(TASK MATERIAL begins)

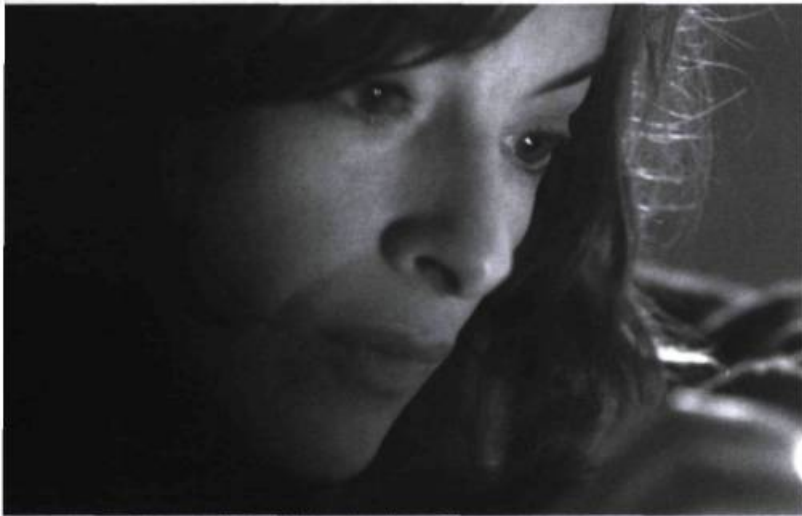
Film sur la solitude et le désarroi en milieu urbain
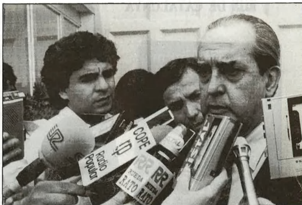
Les negociacions han despertat una gran expectativa.

L'Estat espanyol està negociant l'entrada a allò que s'anomena Comunitats Europees , que són la
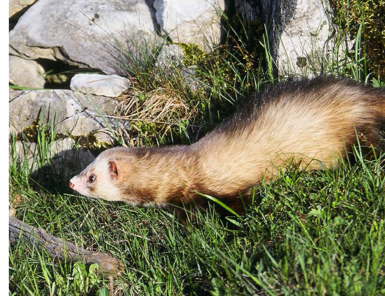
Putois européen

Rédaction : Nathalie Dewynter et Christophe Morin – mise à jour : septembre 2011
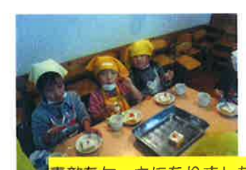
素敵なケーキになりました♡
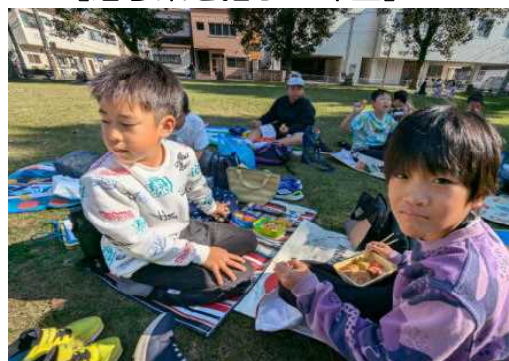
【お弁当を食べる3年生】
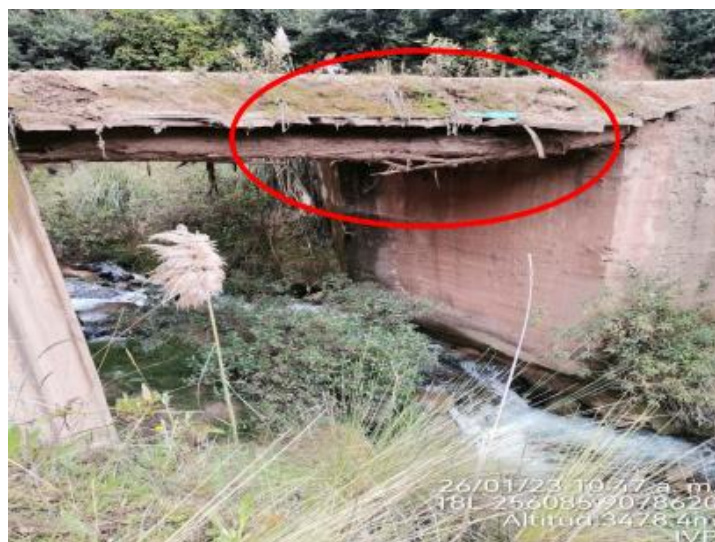
Figura 1. Vista Frontal

Se puede observar que el tablero de rodadura es de tabloncillos de madera y se soporta en Troncos desgastados por el tiempo. No cumple con los estándares del manual de puentes.
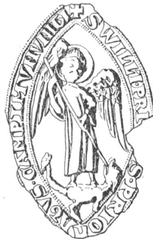
N° 140. Chamounix. 1307.
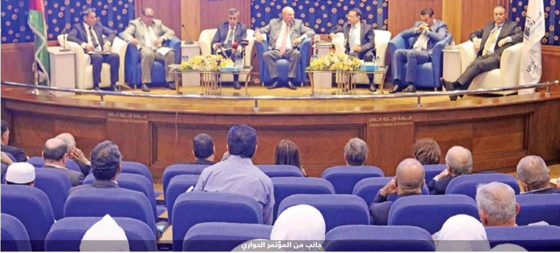
جانب من المؤتمر الحواري

تتوقع الدراسة زيادة حجم تلك الإيرادات إلى نحو (123) مليون عند حد الاعفاء (9 و 18) ألف دينار للفرد والأسرة على
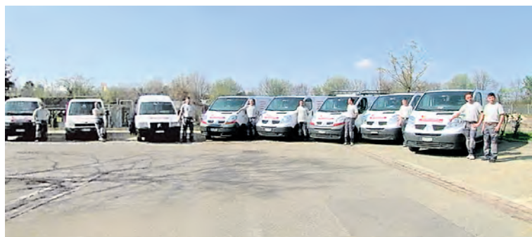
Sorgen für eine rasche, günstige und flexible Auftrags erledigung. Das Zerey-Parkett GmbH-Team.

Boden-Produkte alles für den Innenbereich: grosse Auswahl an Parkette, Lamine (Kunstharzbeschichtet) PVC, Teppiche etc. Dank langjähriger Erfahrung, gepaart mit günstigen Preisen, Zuverlässigkeit und exaktes Arbeiten, werden auch sie zufrieden mit «Zerey» sein. Verlangen Sie unver-
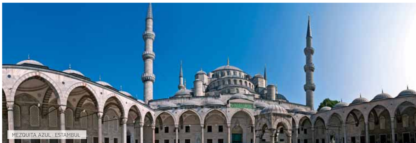
MEZQUITA AZUL · ESTAMBUL
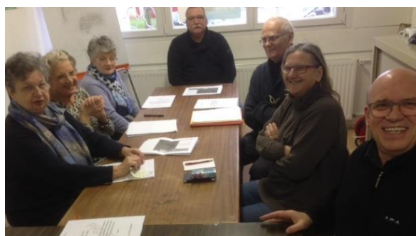
La délégation qui a rencontré le bailleur.
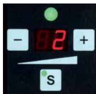
Réglage simple de la tension par bouton-poussoir
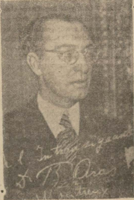
Dış Bakanımızın, Entransijan gazetesine verdiği imzalı resim

"Biz revizyoncu değiliz. Bundan bahsedildiğini işitmek bile istemem."
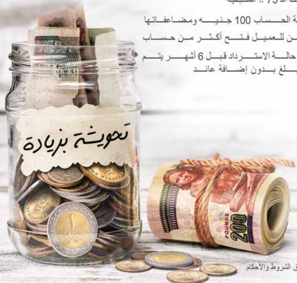
* تطبيق الشروط والأحكام
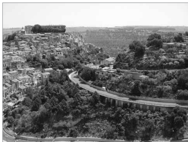
Slika 3: Urbana krajina – Ibla, Sicilija
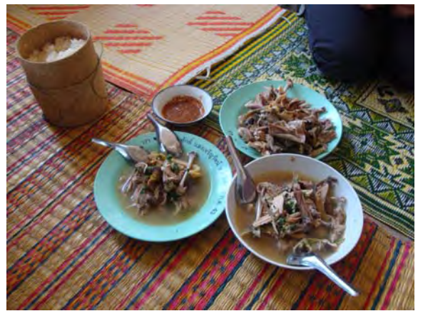
ภาพที่ 26 ไก่ต้มหลังจากการทำพิธีเลี้ยงบ้าน ซึ่งชาวไทดำจะนำมาทำซั่วไก่เพื่อรับประทานร่วมกัน
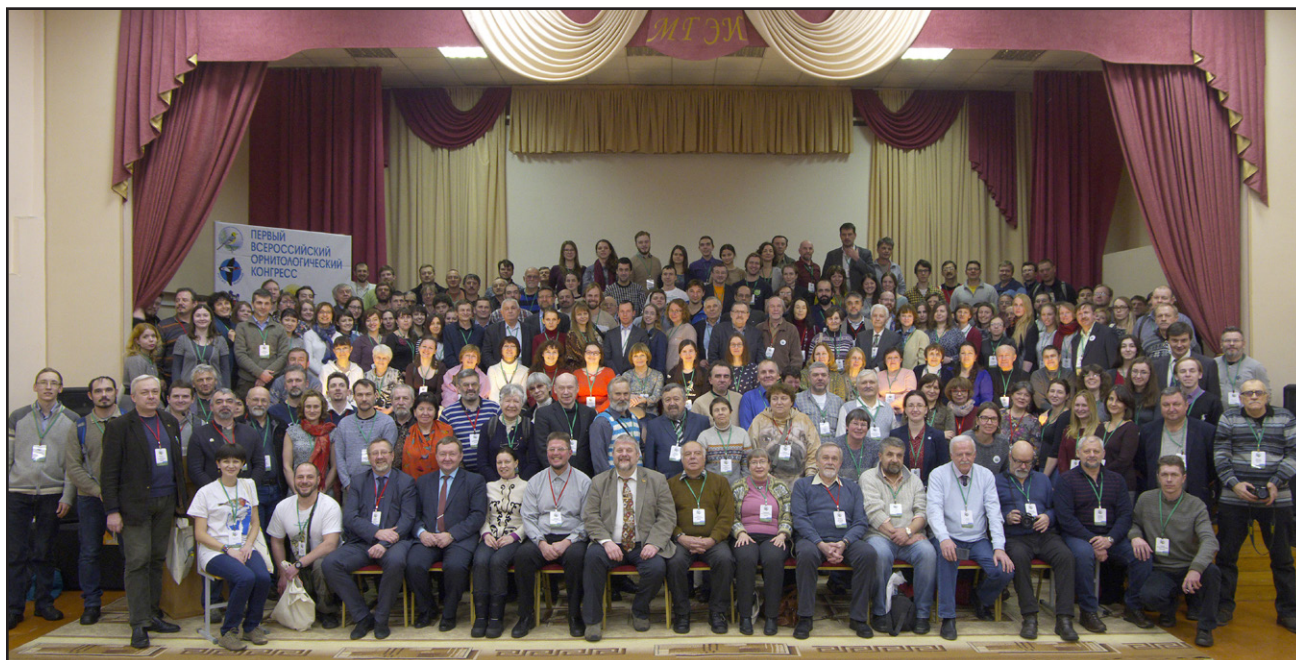
Участники конгресса.

Participants of the Congress.
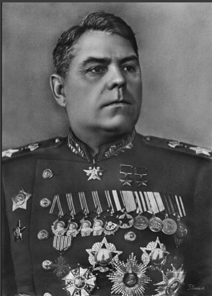
Александр Михайлович Василевский – Маршал Советского Союза
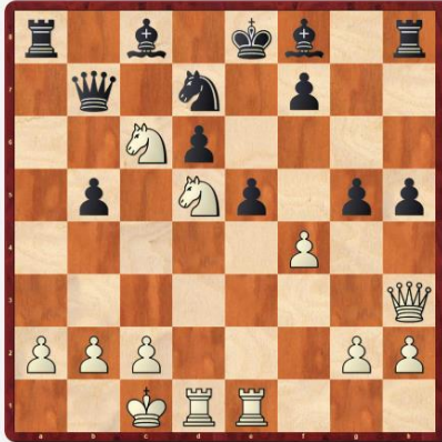
Diagram 2: Bílý na tahu vyhraje

Také v další ukázce udělá bílý rychlou přepadovou akci, při které na soupeřova krále otevře sloupce. Začne dobře spočítanou obětí věže 1.Vxe5+ . Černý ji nemůže přijmout 1...dxe5 pro 2.Jf6+ Jxf6 a 3.Vd8 mat).
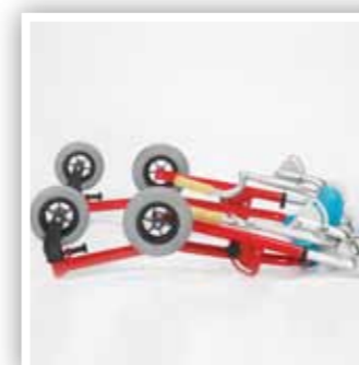
Telaio pieghevole Folding frame

(TASK MATERIAL ends)

WORK TO BE COMPLETED: Only the text of the records belongs in your answer, copied exactly as it appears above.

EXERCISE RESPONSE:
Film sur la solitude et le désarroi en milieu urbain
Les negociacions han despertat una gran expectativa.

L'Estat espanyol està negociant l'entrada a allò que s'anomena Comunitats Europees , que són la
Putois européen

Rédaction : Nathalie Dewynter et Christophe Morin – mise à jour : septembre 2011
素敵なケーキになりました♡
【お弁当を食べる3年生】
Figura 1. Vista Frontal

Se puede observar que el tablero de rodadura es de tabloncillos de madera y se soporta en Troncos desgastados por el tiempo. No cumple con los estándares del manual de puentes.
N° 140. Chamounix. 1307.
جانب من المؤتمر الحواري

تتوقع الدراسة زيادة حجم تلك الإيرادات إلى نحو (123) مليون عند حد الاعفاء (9 و 18) ألف دينار للفرد والأسرة على
Sorgen für eine rasche, günstige und flexible Auftrags erledigung. Das Zerey-Parkett GmbH-Team.

Boden-Produkte alles für den Innenbereich: grosse Auswahl an Parkette, Lamine (Kunstharzbeschichtet) PVC, Teppiche etc. Dank langjähriger Erfahrung, gepaart mit günstigen Preisen, Zuverlässigkeit und exaktes Arbeiten, werden auch sie zufrieden mit «Zerey» sein. Verlangen Sie unver-
MEZQUITA AZUL · ESTAMBUL
La délégation qui a rencontré le bailleur.
Réglage simple de la tension par bouton-poussoir
Dış Bakanımızın, Entransijan gazetesine verdiği imzalı resim

"Biz revizyoncu değiliz. Bundan bahsedildiğini işitmek bile istemem."
* تطبيق الشروط والأحكام
Slika 3: Urbana krajina – Ibla, Sicilija
ภาพที่ 26 ไก่ต้มหลังจากการทำพิธีเลี้ยงบ้าน ซึ่งชาวไทดำจะนำมาทำซั่วไก่เพื่อรับประทานร่วมกัน
Участники конгресса.

Participants of the Congress.
Александр Михайлович Василевский – Маршал Советского Союза
Diagram 2: Bílý na tahu vyhraje

Také v další ukázce udělá bílý rychlou přepadovou akci, při které na soupeřova krále otevře sloupce. Začne dobře spočítanou obětí věže 1.Vxe5+ . Černý ji nemůže přijmout 1...dxe5 pro 2.Jf6+ Jxf6 a 3.Vd8 mat).
Telaio pieghevole Folding frame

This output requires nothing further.